Pulp Fiction é um marco do cinema, que atirou para a ribalta Quentin Tarantino e as suas ideias controversas (ainda poucos tinham visto o brilhante “Cães Danados”).

Repleto de referências ao cinema dos anos 70 e com uma escolha de casting excepcional, Pulp Fiction conquistou o público com um discurso incisivo (os monólogos bíblicos de Samuel L. Jackson são um exemplo disso), uma violência propositadamente mordaz e uma não linearidade na sucessão dos acontecimentos, tudo isto, associado a um ritmo alucinante.

As três narrativas principais entrelaçadas de dois assassinos, um pugilista e um casal, valeram-lhe a nomeação para sete Óscares da Academia, acabando por vencer na categoria de Melhor Argumento Original, ganhando também o Globo de Ouro para Melhor Argumento e a Palma D'Ouro do Festival de Cannes para Melhor Filme.

O elenco era composto por nomes como John Travolta, Samuel L. Jackson, Bruce Willis, Uma Thurman e (porque há um português em cada canto do mundo) Maria de Medeiros.

Para muitos a sua banda sonora continua a constar na lista das melhores de sempre, e na memória cinéfila, ficam eternamente, os passos de dança de Uma Thurman e Travolta.

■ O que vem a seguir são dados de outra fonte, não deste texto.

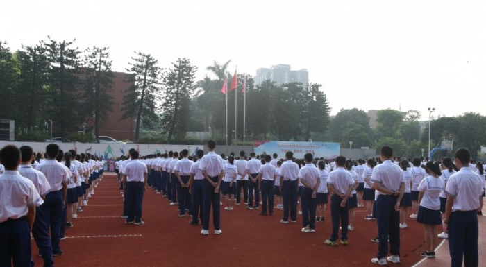 8時,在全體師生的注目禮下,學校舉行莊嚴的升旗儀式。全體師生高唱《義勇軍進行曲》,鮮艷的五星紅旗,從學校國旗護衛隊同學手中冉冉升起。

As personagens pareciam ser feitas à medida de cada actor.
Para John Travolta, até então conhecido pelos musicais “Grease” e “Febre de Sábado à Noite”, dar vida a Vincent Vega foi como um renascer na sua carreira.

Uma Thurman começou por recusar o papel de Mia Wallace, mas Tarantino soube ser persuasivo e leu-lhe o guião ao telefone até ela o aceitar.

Começava ali uma parceria profissional (como é habitual de Tarantino) que voltaria ao topo do sucesso com “Kill Bill”, quase 10 anos depois.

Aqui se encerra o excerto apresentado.